RECORDS TO PROCESS below:

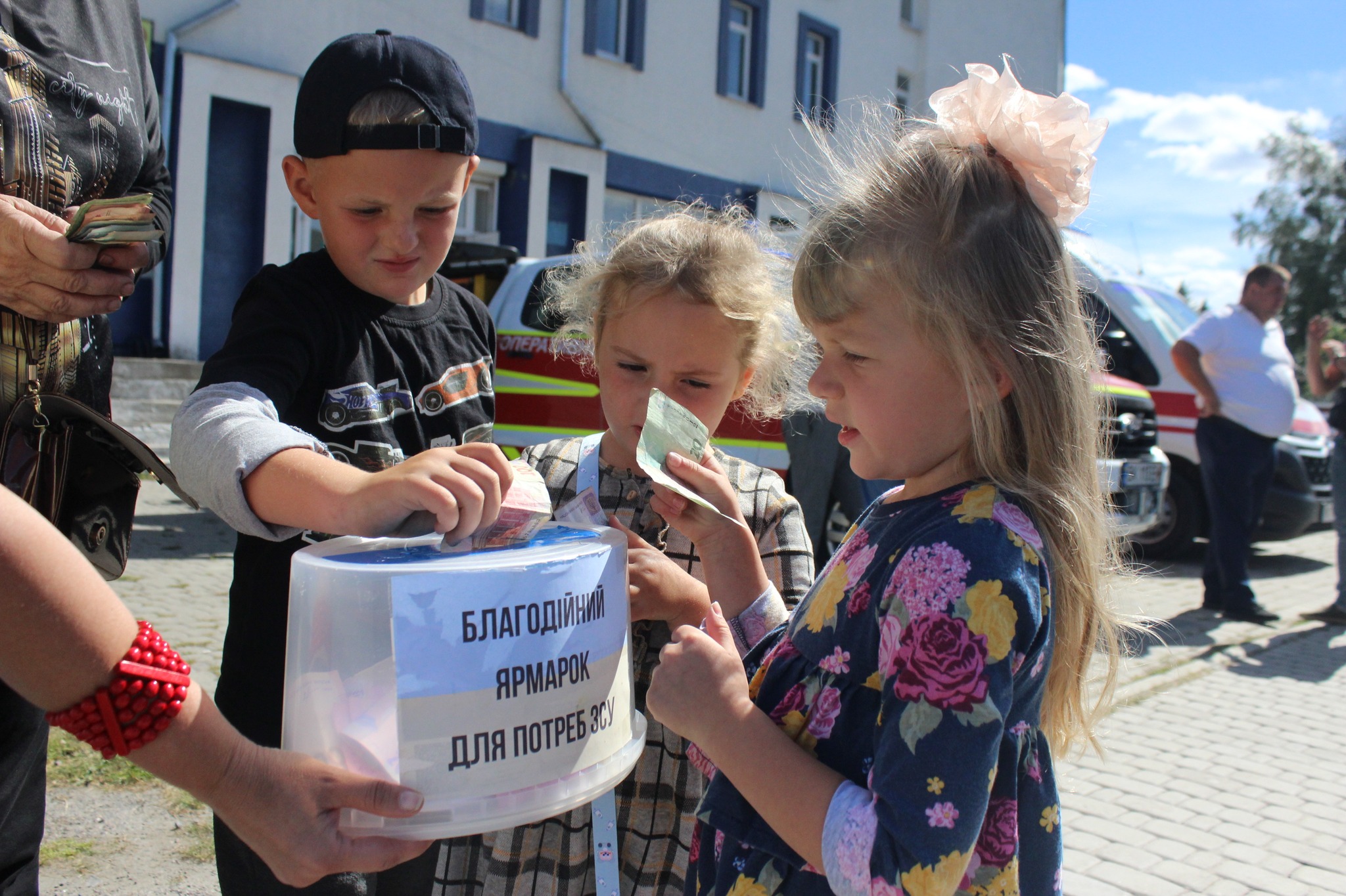 У смт Рокитне Рівненської області, 2 вересня, відбувся благодійний ярмарок на якому діти громади активно допомагали збирати кошти для ЗСУ.
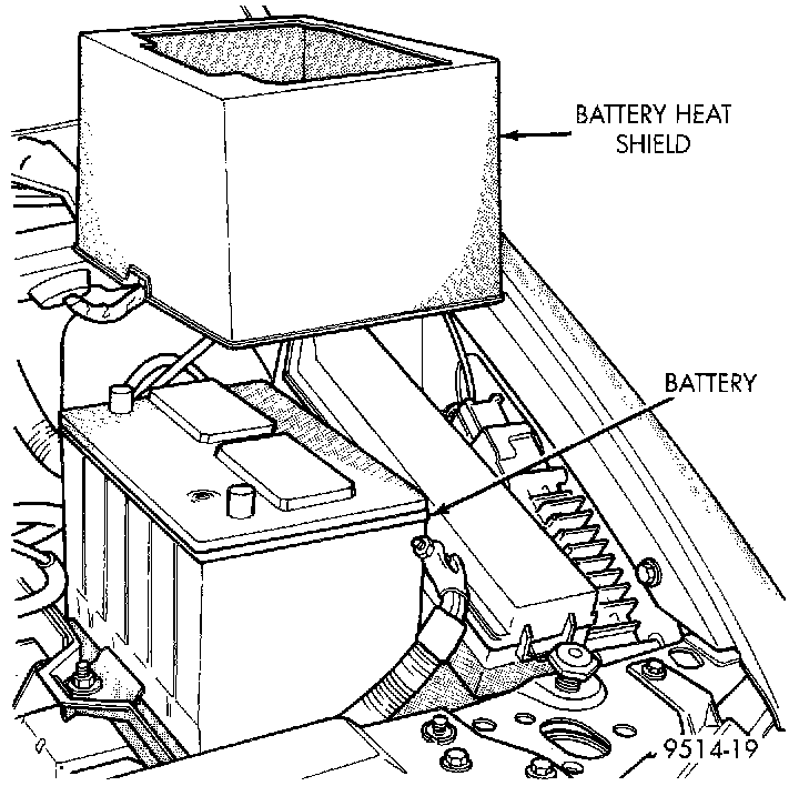 4. Remove nut and clamp holding battery to battery tray (Fig. 31).
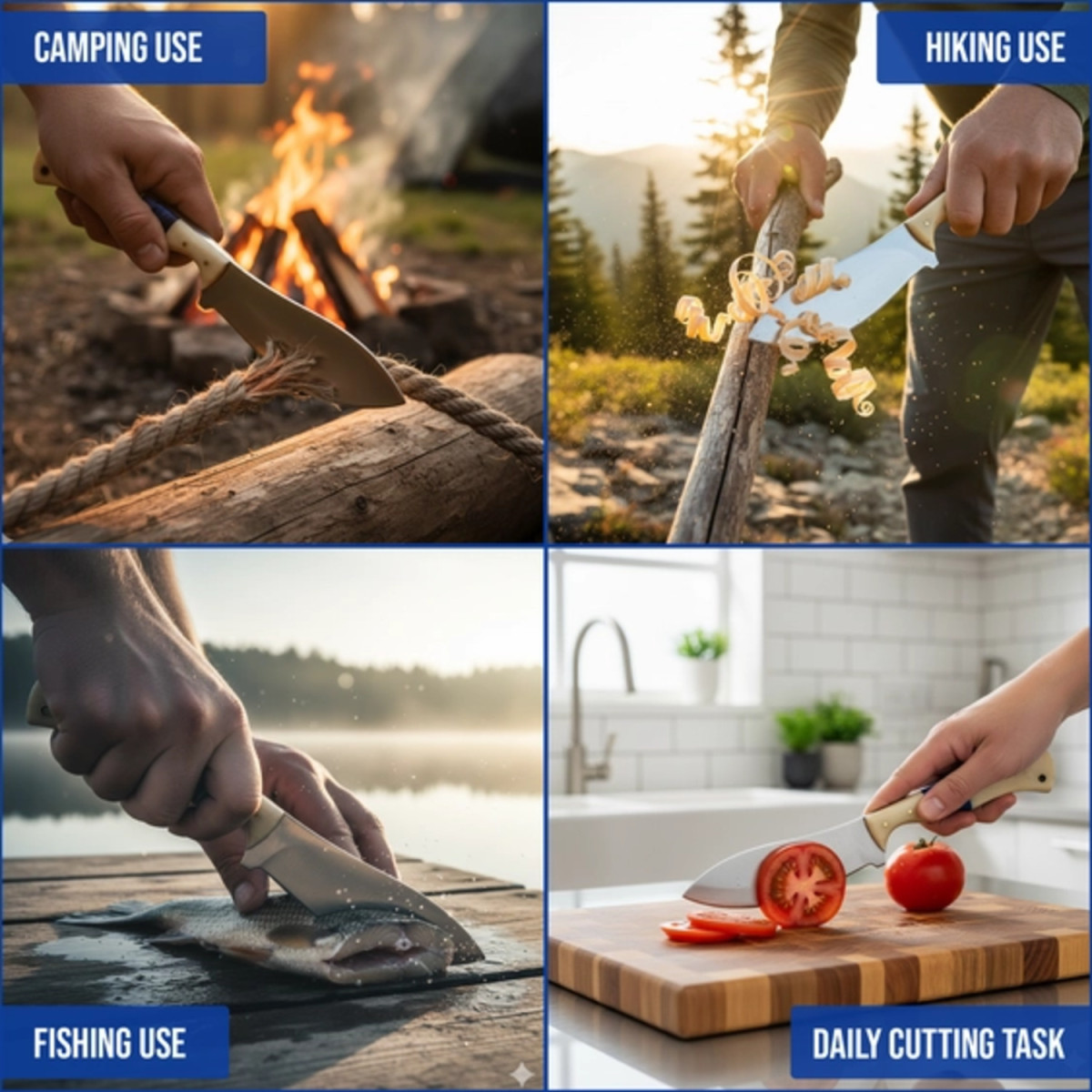 🧵 Hand-stitched genuine leather sheath ensures safe storage and easy carry during camping, hunting or outdoor activities.
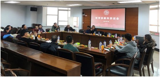 的支持下,哲学系教师在东荣大厦A904会议室,举办了新年茶话会暨年度总结评优会。本次新年茶话会暨总结评优会由哲学系副系主任高超主持,国家教学名师孙利天教授亲临茶话会。
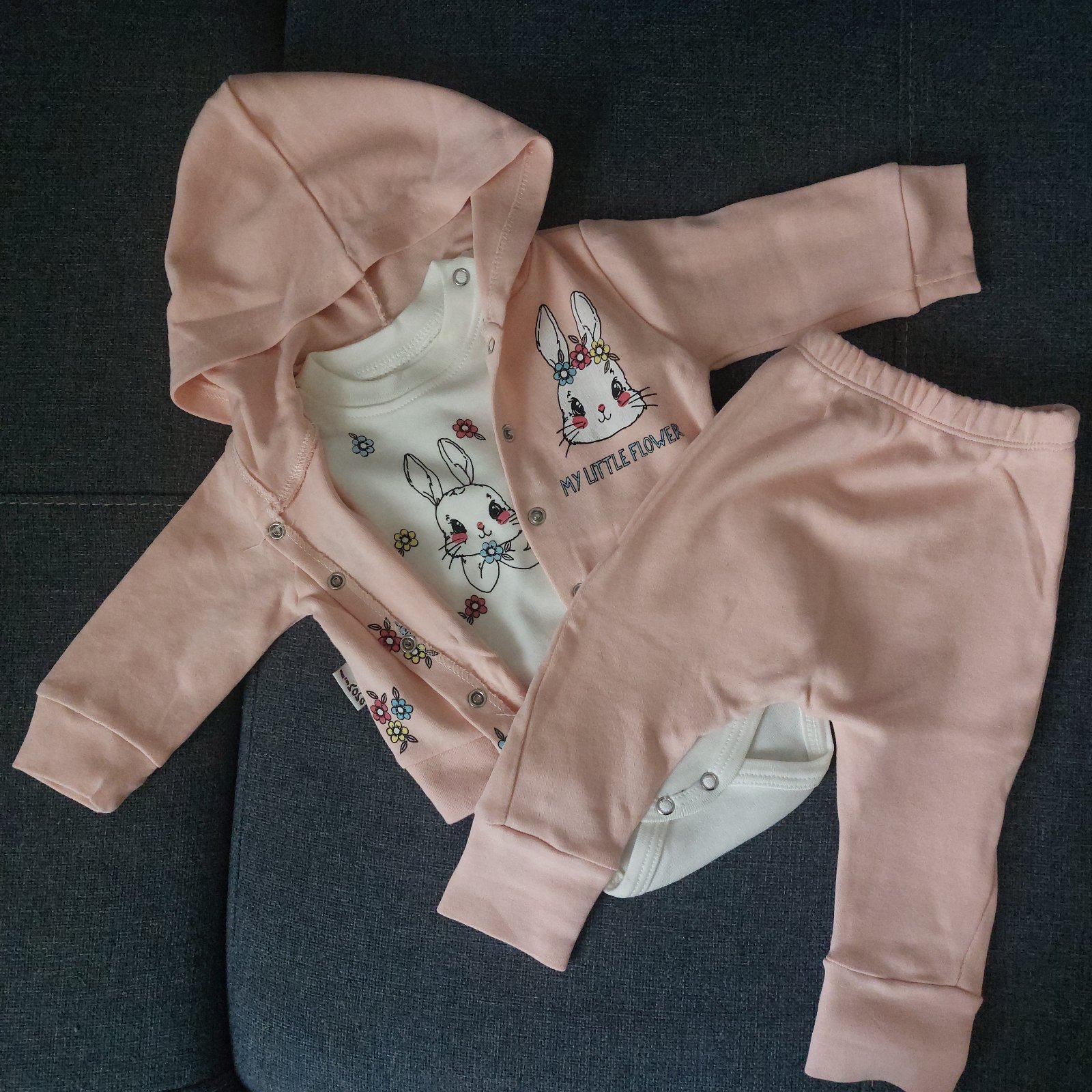 Predám túto krásnu a veľmi pohodlnú súpravičky pre bábätko. Súpravička má manžety, takže sa dá ešte aj podohnúť, veľmi príjemná na telo. Je v 100% stave bez poškodení, oblečená len párkrát. Farba je skôr marhuľková. Cena+poštovné
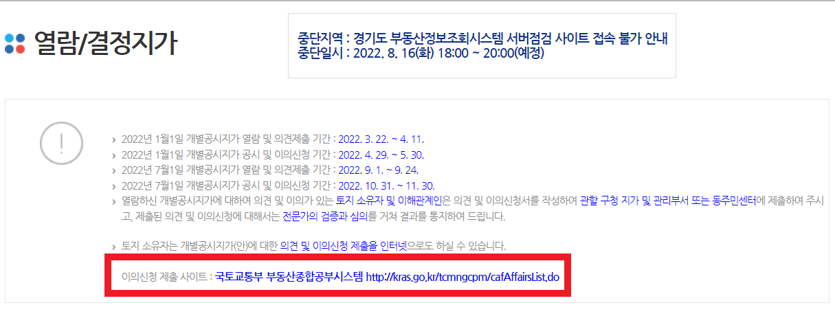 5. 공시지가에 대한 이의신청을 할 수 있는 사이트가 있습니다.
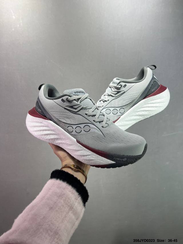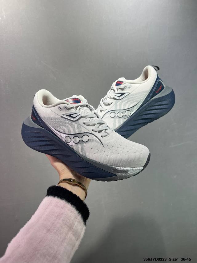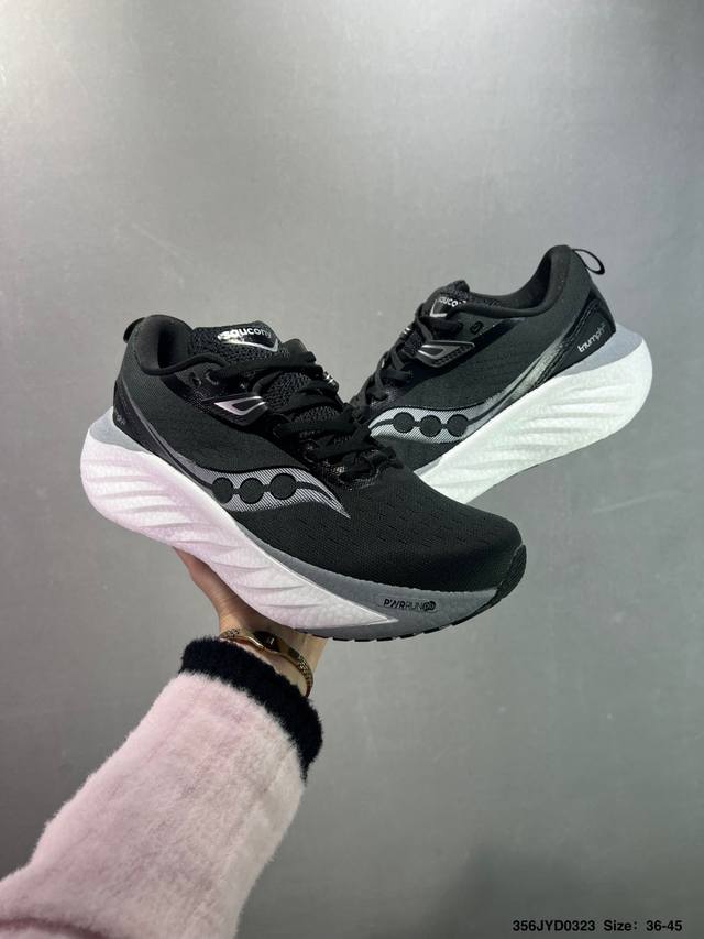 公司级 Saucony Triumph 索康尼胜利旗舰级缓震型跑鞋 性能相比前几代再升级:鞋面采用全新升级的工学网设计 贴合脚部更透气 中底部分使用最新的Pwrrun+材质 搭配Pwrrun+鞋垫使中底的大幅加厚 10Mm坡差进一步提供缓震、回弹性能 内底则采用了Formfit动态适应系统 动态契合脚型 提升包裹性和舒适性 提供更卓越的动态回馈体验 Xt-900橡胶大底 可提供良好的抓地力和较强抗磨性能 Size:35.5 36 36.5 37.5 38 38.5 39 40 40.5 41 42

End of RECORDS TO PROCESS.

DESCRIPTION OF THE TASK: Using the data above, print every line exactly, omitting pictures.

WRITTEN SOLUTION:
 У смт Рокитне Рівненської області, 2 вересня, відбувся благодійний ярмарок на якому діти громади активно допомагали збирати кошти для ЗСУ.
 4. Remove nut and clamp holding battery to battery tray (Fig. 31).
 🧵 Hand-stitched genuine leather sheath ensures safe storage and easy carry during camping, hunting or outdoor activities.
 的支持下,哲学系教师在东荣大厦A904会议室,举办了新年茶话会暨年度总结评优会。本次新年茶话会暨总结评优会由哲学系副系主任高超主持,国家教学名师孙利天教授亲临茶话会。
 Predám túto krásnu a veľmi pohodlnú súpravičky pre bábätko. Súpravička má manžety, takže sa dá ešte aj podohnúť, veľmi príjemná na telo. Je v 100% stave bez poškodení, oblečená len párkrát. Farba je skôr marhuľková. Cena+poštovné
 5. 공시지가에 대한 이의신청을 할 수 있는 사이트가 있습니다.
 公司级 Saucony Triumph 索康尼胜利旗舰级缓震型跑鞋 性能相比前几代再升级:鞋面采用全新升级的工学网设计 贴合脚部更透气 中底部分使用最新的Pwrrun+材质 搭配Pwrrun+鞋垫使中底的大幅加厚 10Mm坡差进一步提供缓震、回弹性能 内底则采用了Formfit动态适应系统 动态契合脚型 提升包裹性和舒适性 提供更卓越的动态回馈体验 Xt-900橡胶大底 可提供良好的抓地力和较强抗磨性能 Size:35.5 36 36.5 37.5 38 38.5 39 40 40.5 41 42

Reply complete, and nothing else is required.